Mellotron: a multispeaker voice synthesis model based on Tacotron 2 GST that can make a voice emote and sing without emotive or singing training data
BSD 3-Clause "New" or "Revised" License
854 stars 187 forks source link

Pitch contour not being applied #42

Closed tebin closed 4 years ago

tebin commented 4 years ago

I trained the model with my own dataset, and strangely mel_outputs_postnet is always the same regardless of the pitch contour value, given that all other inputs & seed are fixed (i.e. mellotron.inference_noattention((text_encoded, mel, speaker_id, pitch_contour_A, rhythm)) == mellotron.inference_noattention((text_encoded, mel, speaker_id, pitch_contour_B, rhythm)) where pitch_contour_A != pitch_contour_B ) Other than that everything works flawlessly so it makes me wonder what could have possibly gone wrong. I first thought the model wasn't able to extract pitch during training so I retrained it after tweaking harm_thresh but that doesn't seem to do anything.

UPDATE: So when prenet_f0_kernel_size=1, self.prenet_f0(f0s) outputs tensors with negative values which are then passed to relu resulting in all zero tensors. I'm currently experimenting with prenet_f0_kernel_size=3 and while it learns pitch the validation loss hovers around 0.5 and there is a significant degradation in the pronunciation quality.

UPDATE 2: Changing ConvNorm's weight initialization from xavier_uniform to xavier_normal also seems to solve the issue.
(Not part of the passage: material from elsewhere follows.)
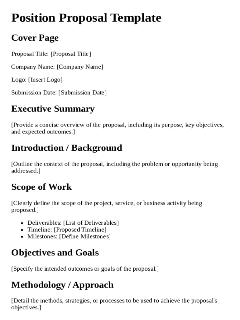 A position proposal template outlines the key elements required in job proposal submissions, ensuring clarity and uniformity.
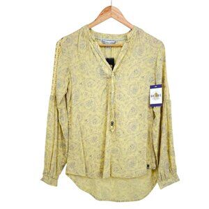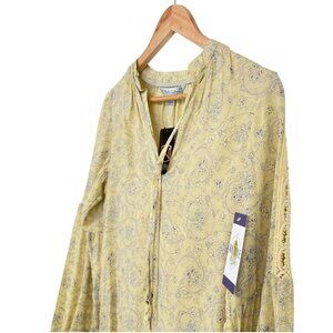 NWT Noble Outfitters XS Shirt Yellow Paisley Peasant Blouse Folklore Lace 21007

Once I'm done with the experiment I'll report the results and close the issue.

UPDATE 3: Changing the seed also works.

kannadaraj commented 4 years ago

@tebin did changing the the help?

tebin commented 4 years ago

@tebin did changing the the help?

The key here is that when the initial value for prenetf0/conv/weight is negative you're hosed - it's stuck at 0 and will not increase any further no matter how long you train the model. Empirically the weight tends to converge to 0.2-0.4 so you might want to just initialize it manually using `torch.nn.init.constant(tensor, val)`.